In recent years, the practice of urban and suburban hiking has been booming, particularly with the Metropolitan trails.
In this unpublished text from 1999, written as part of a graduation diploma, the architect Yvan Detraz proposed a manifesto of these emerging practices.


To be published on September 10, 2020
Wildproject Editions – 180 pages – 14 x 22 cm – 20€.
Exclusively available from 11 July 2020 at the Pavillon de l’Arsenal in Paris on the occasion of the exhibition l’exposition L’art des sentiers métropolitains.


A political and poetic manifesto to renew suburban territories

Car-free city centres, gentle travel plans, suburban hiking, metropolitan trails (GR2013, Greater Paris Trail…): walking in the city and its outskirts is now at the heart of our concerns.

Twenty years ago, a young architect equipped with an IGN map and a reflex camera began exploratory walks in the fringes of the Bordeaux urban area: his graduation project defended the creation of hiking trails in the metropolis.

The suburb has become a dominant form of human habitation on an Earth-wide scale. Yet these territories, which are often little known, are characterized both by a lack of public spaces and by an abundance of neglected spaces. It is from this observation that Yvan Detraz demonstrated the need for metropolitan trails: to connect these neglected spaces, to open up a new public space, and to encourage the emergence of a user-friendly practice.

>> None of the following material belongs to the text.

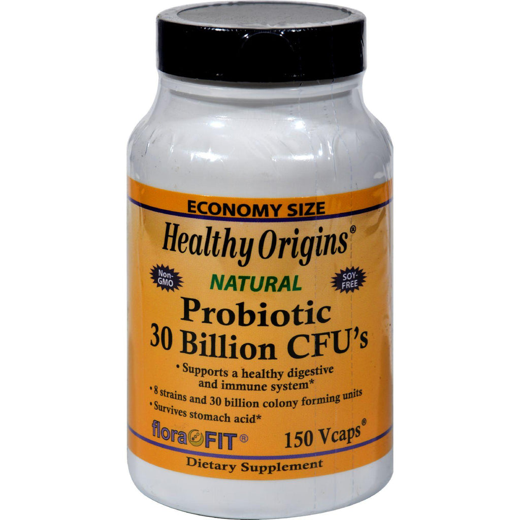 Healthy Origins Probiotic 30 Billion CFU Description: Supports a healthy digestive and immune system 8 strains and 30 billion colony forming units No refrigeration required Stomach acid resistant Healthy Origins Probiotic 30 Billion CFU's is a powerful blend of 8 friendly bacteria strains and 30 billion colony forming units (CFU's) which can help support a positive balance of micro flora in the intestines. Supplementing with probiotics may help to restore and maintain friendly bacteria colonies that were depleted by stress, antibiotics and gastrointestinal disturbances. Healthy Origins Probiotic 30 Billion CFU's is stomach acid resistant to ensure that the maximum amount of friendly bacteria reach the intestinal tract to exert their greatest benefits. Probiotic 30 Billion CFU's is stable at room temperature. Refrigeration is not required. Amount Per Capsule Blend of 8 probiotic strains 30 Billion CFU's Lactobacillus acidophilus 12 Billion CFU'sBifidobacterium lactis 12 Billion CFU'sLactobacillus casei 1 Billion CFU'sBifidobacterium breve 1 Billion CFU'sLactobacillus salivarius 1 Billion CFU'sLactobacillus plantarum 1 Billion CFU'sBifodobacterium longum 1 Billion CFU'sLactobacillus rhamnosus 1 Billion CFU's Free Of Sugar, salt, yeast, wheat, starch, corn, fish, shellfish, nuts, tree nuts and egg. Disclaimer These statements have not been evaluated by the FDA. These products are not intended to diagnose, treat, cure, or prevent any disease.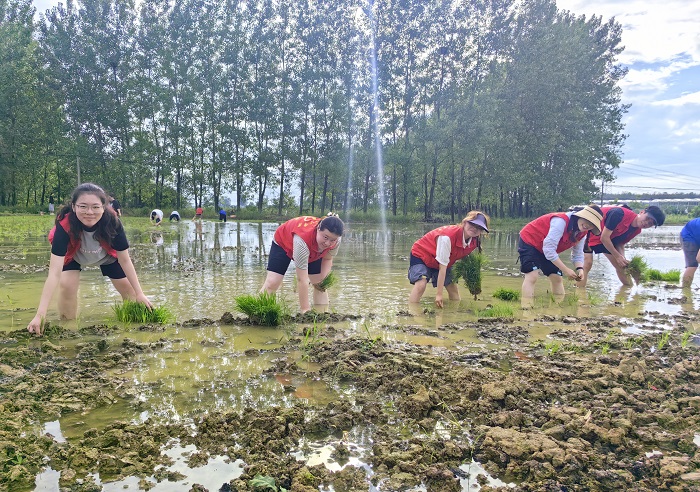 活动伊始,在乡村讲解员的带领下,一行人参观调研了马郢村村史馆、创业者部落,学习马郢村的蜕变之路、马郢计划的非凡意义、创业产业等,感受梦想之村马郢的独特魅力。此外,团队成员走进情圆农场,从下梨到打包到电商直播再到发货,开展农事志愿服务。积极探讨“老种子保护计划”,赤脚踩进水田插秧苗,感受乡村乡土的温度。

This work, which gave birth in Bordeaux to the “Suburban shelters” and the Common Lands trail, had never been published. It is now recognized by the international network “Metropolitan Trails” as a founding text.

In the context of the energy decrease, which forces us to relocate our urban settlements, Zone Sweet Zone explains why and how to regain a foothold in the reality of our territories.

Text extracted from the publisher’s press kit.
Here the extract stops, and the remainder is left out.